Maven's `dependencyManagement` in the root POM is replaced by:

1. **Version catalog** (`gradle/libs.versions.toml`): Defines all
dependency coordinates
   and version numbers in one file. Modules reference dependencies as
`libs.netty.buffer`
   instead of hardcoded group:artifact:version strings.

2. **Enforced platform** (`pulsar-dependencies`): A `java-platform`
module that creates
   version constraints from the catalog. Applied to all subprojects via
   `implementation(enforcedPlatform(project(":pulsar-dependencies")))`.
This ensures
   transitive dependencies are pinned to the same versions Maven would resolve.

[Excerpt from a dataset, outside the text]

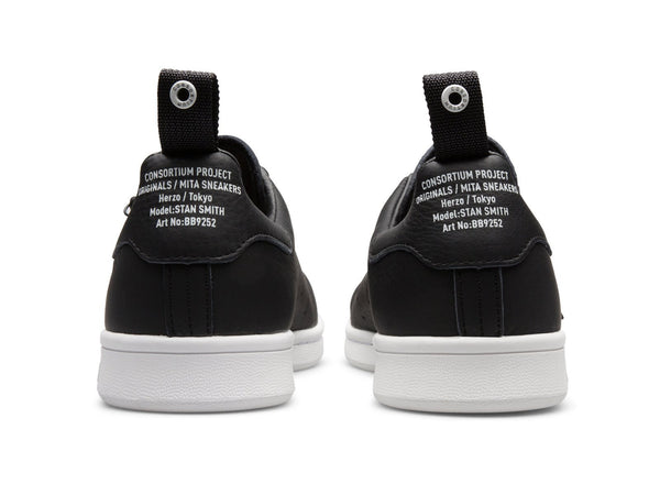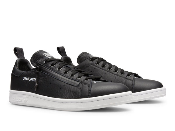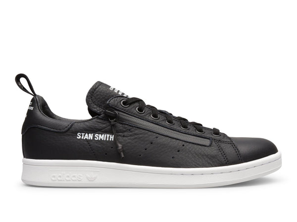 The Stan Smith has a basic black leather and white sole base, augmented by an ankle to toe side zipper, and subtle text branding.

### Shaded JAR Configuration

The Shadow plugin replaces Maven Shade. Key differences handled:

- **AsyncHttpClient properties**: Maven uses Ant `<replace>` to fix
property name prefixes
  in `ahc-default.properties`. Gradle uses `filesMatching { filter { } }`.
- **Dependency include/exclude**: Shadow's `dependencies {
include/exclude }` DSL replaces
  Maven Shade's `<includes>/<excludes>`.
- **Relocation**: Shadow's `relocate()` is functionally identical to
Maven Shade's.

### NAR Packaging

A custom NAR Gradle plugin (`io.github.merlimat.nar`) handles
connector packaging.
Global exclusions for platform modules (provided by
`java-instance.jar` at runtime)
are configured in the root `build.gradle.kts`.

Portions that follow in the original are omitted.